__What this task involves__.
Omit all pictures. Quote only the lines from the one with "De kantine is" through the end of the material below.
Start of Data extract
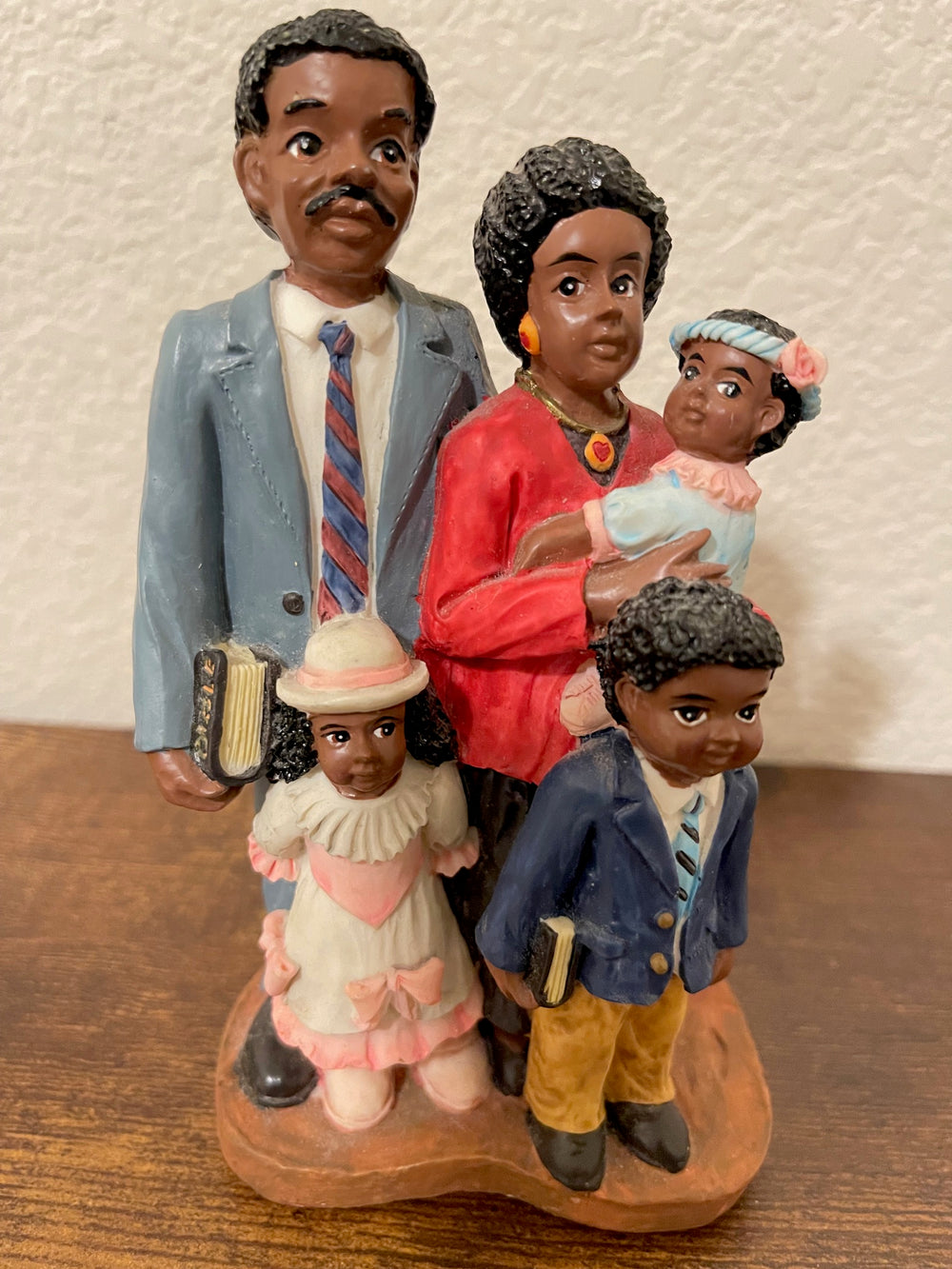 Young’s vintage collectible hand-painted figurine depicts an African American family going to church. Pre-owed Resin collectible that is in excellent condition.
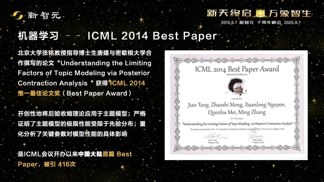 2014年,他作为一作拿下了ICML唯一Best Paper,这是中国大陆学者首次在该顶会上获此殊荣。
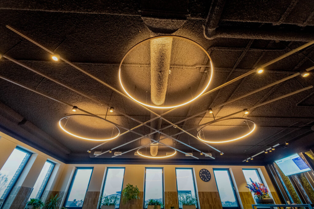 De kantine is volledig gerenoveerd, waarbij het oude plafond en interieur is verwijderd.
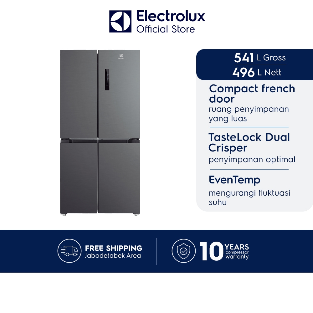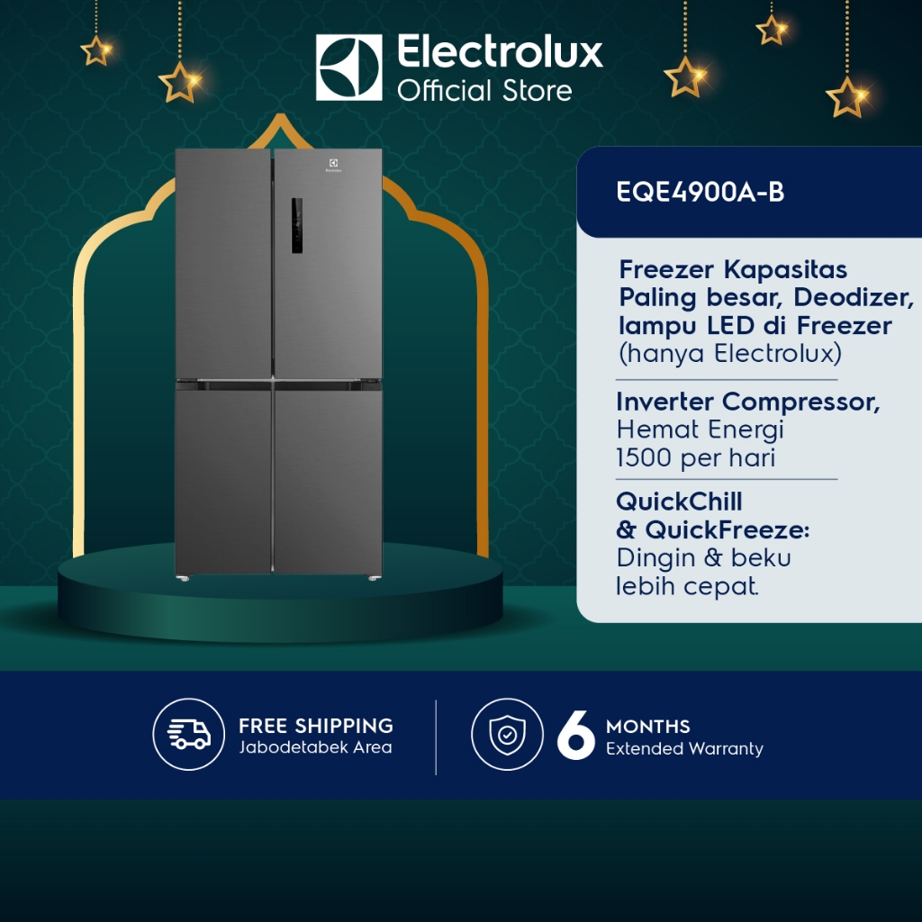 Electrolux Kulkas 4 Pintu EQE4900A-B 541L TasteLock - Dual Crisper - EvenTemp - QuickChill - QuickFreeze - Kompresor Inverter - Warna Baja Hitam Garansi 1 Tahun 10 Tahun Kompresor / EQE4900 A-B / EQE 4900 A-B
End of Data extract
__Written solution__.
 De kantine is volledig gerenoveerd, waarbij het oude plafond en interieur is verwijderd.
 Electrolux Kulkas 4 Pintu EQE4900A-B 541L TasteLock - Dual Crisper - EvenTemp - QuickChill - QuickFreeze - Kompresor Inverter - Warna Baja Hitam Garansi 1 Tahun 10 Tahun Kompresor / EQE4900 A-B / EQE 4900 A-B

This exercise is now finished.